Civil rights attorney and former history teacher Leo Terrell on Tuesday slammed the American Federations of Teachers (AFT) President Randi Weingarten for pushing critical race theory. According to Terrell, Weingarten “lied” about the reasons behind the American Revolution, and ultimately, the nation’s founding.
“I am very upset!” Terrell told Fox News’ Brian Kilmeade. “Randi Weingarten, the union president, lied about the importance of critical race theory in the 1619 Project. … To make the premise that the American Revolution was fought on slavery is an outright lie!”
According to Terrell, it’s obvious that Weingarten was “afraid of losing her job if she said the wrong thing,” which is why he believes the union president didn’t push back on the critical race theory claims.
“What’s at issue here is not only the credibility of American history, but lying to our school children about American history. This is what’s so frightening about this critical race theory,” the Fox News contributor explained.

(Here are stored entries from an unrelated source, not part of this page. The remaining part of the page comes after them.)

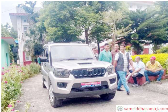
सपथ ग्रहण कार्यक्रम स्थगित भएसँगै मन्त्री नलिई फर्किँदै गाडी ।
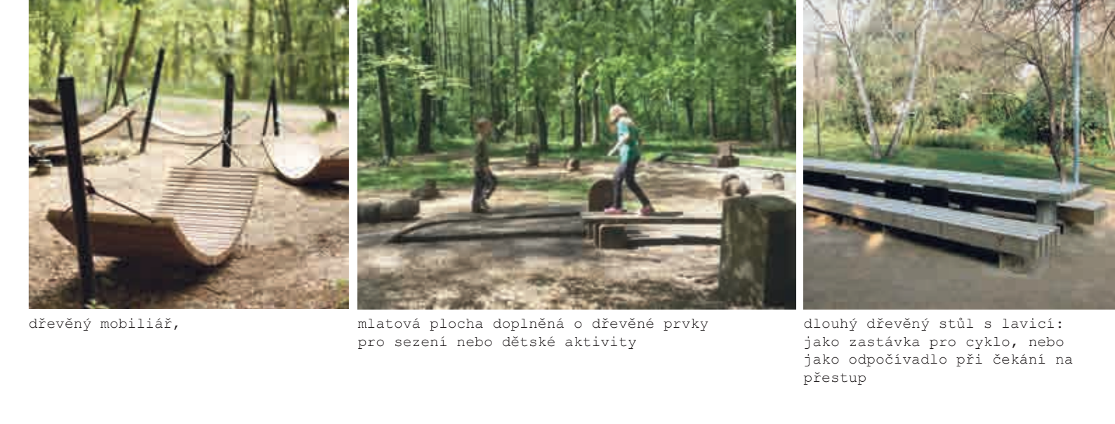
dřevěný mobiliář. místové plochy doplněná o dřevěné prvky pro sezení nebo dětské aktivity dlouhý dřevěný stůl a lavice: jako zastávka pro cyklo, nebo jako odpovídá při čekání na přestup
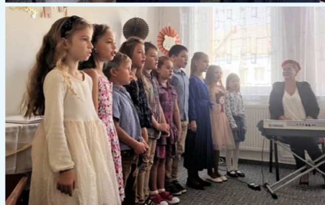
Vítání občánku podzim 2024.
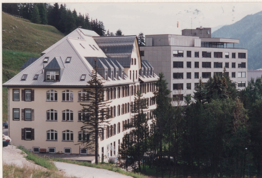
Foto von 1995: Das ehemals "neue" Spital ist nun zum "alten" geworden. Seit 1979 steht das jetzige "neue" daneben. Entgegen der ursprünglichen Absicht, das alte Gebäude abzureissen, wurde es restauriert und innerlich für neue Aufgaben umgebaut. Zahlreiche Wohnungen, Büroräumlichkeiten und Praxisräume sind in diesem Haus entstanden, während im Tiefparterre eine "Geschützte Werkstätte Engadin und Südtäler" mit hellen und auch freundlichen Arbeitsräumen für behinderte Erwachsene eingerichtet werden konnten.

Das 1914 eröffnete "zweite" Kreisspital Oberengadin. Dahinter (etwas verdeckt) das später dazugekommene Absonderungshaus. Rechts das alte Spital. Die letzteren beiden Gebäude mussten 1973 abgebrochen werden, da sie einem neuen "dritten" Spital Oberengadin mit moderneren Einrichtungen Platz schaffen mussten.

“In the American Revolution, we fought against the British for our independence, not to preserve slavery. That is a lie, and yes, that union president is afraid. I hope she is listening,” Terrell said. “She is afraid to tell the truth because no one believes that the American Revolution was fought to preserve slavery.”

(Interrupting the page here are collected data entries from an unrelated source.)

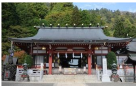
⑪阿夫利神社 (現・大山阿夫利神社・下社)
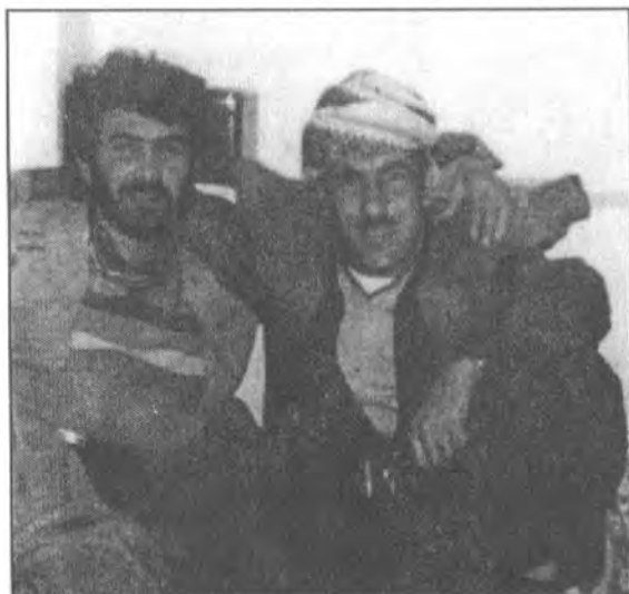
له راسته وه بیل چه پ: شهیدی سرکرده تاهیری عالی والی بهگ، شهید همه بهحیم
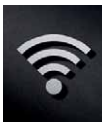
P4101 – 112x91 mm

Ideal zur Kombination mit anderen Piktogrammen
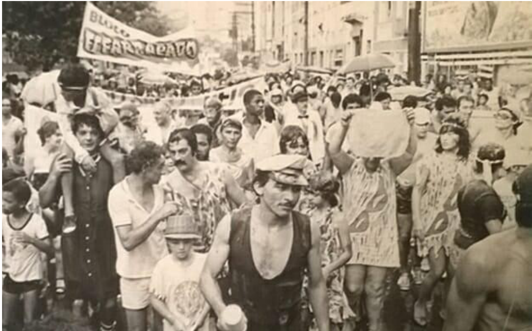
Figura 7 - O Esfarrapado de São Paulo
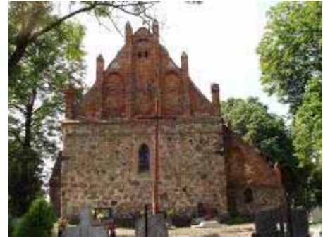
Foto 15. Harmonijna elewacja wsch. kościoła w Brudzawach.

Wyposażenie świątyni, głównie XVIII i XIX w., nie jest szczególnie godne uwagi (KZSP, t. XI.2, s. 24 – 25. Zob. też TST).
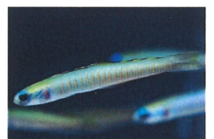
ゼブラハゼ 体長：約10 cm 臆病な性格で、水槽に入れたばかりの頃は、隠れてしまうことがあります。
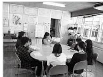
ふれあい教室・中での出前ブックトークの様子
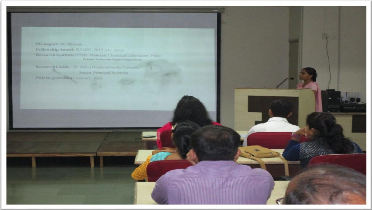
संशोधन विद्यार्थी सादरीकरण करत असताना स्थिरचित्र
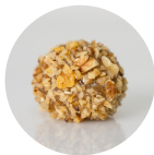
CROCANTE DE NOZES

BRIGADEIRO DE NOZES COBERTO COM UMA FINA CAMADA DE CARAMELO E FINALIZADO COM PEDACINHOS DE NOZES
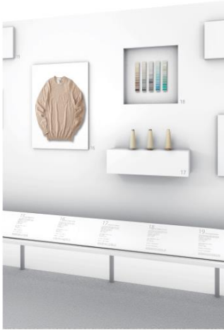
コーナーイメージ

During an earlier interview with Martha MacCallum, Weingarten praised the 1619 Project, which New York Times writer Nikole Hannah-Jones helped co-write. The conclusion of the Project is that 1619 is the year slaves were brought to the United States from Africa, which the Project claims is when America was actually founded. The project also claims the American Revolution was fought to preserve slavery. Both of those things are factually inaccurate. The American Revolution was fought so the United States could gain independence from Great Britain.
Schools have gone on to use critical race theory in their curriculum to teach kids that America’s founding was based on racism and slavery, which was a direct result from the 1619 Project.
Weingarten defended the Project during her interview with MacCallum, saying that “from everything I can see and understand from the data that I see, 1619 was the year that the first slave boat came from Africa to the United States. So that’s a point in history that I think we should be teaching.”
MacCallum hit back at the union president, saying the 1619 Project claim “is not factual.”
“I’ve had several conversations with Nikole Hannah-Jones and I have not arrived at the same conclusion from her work as you have,” the union president told MacCallum, according to the New York Post.
According to the AFT website, Weingarten taught history from 1991 to 1997 at Clara Barton High School in Brooklyn, New York. She started getting active in the various teachers’ unions in 1995.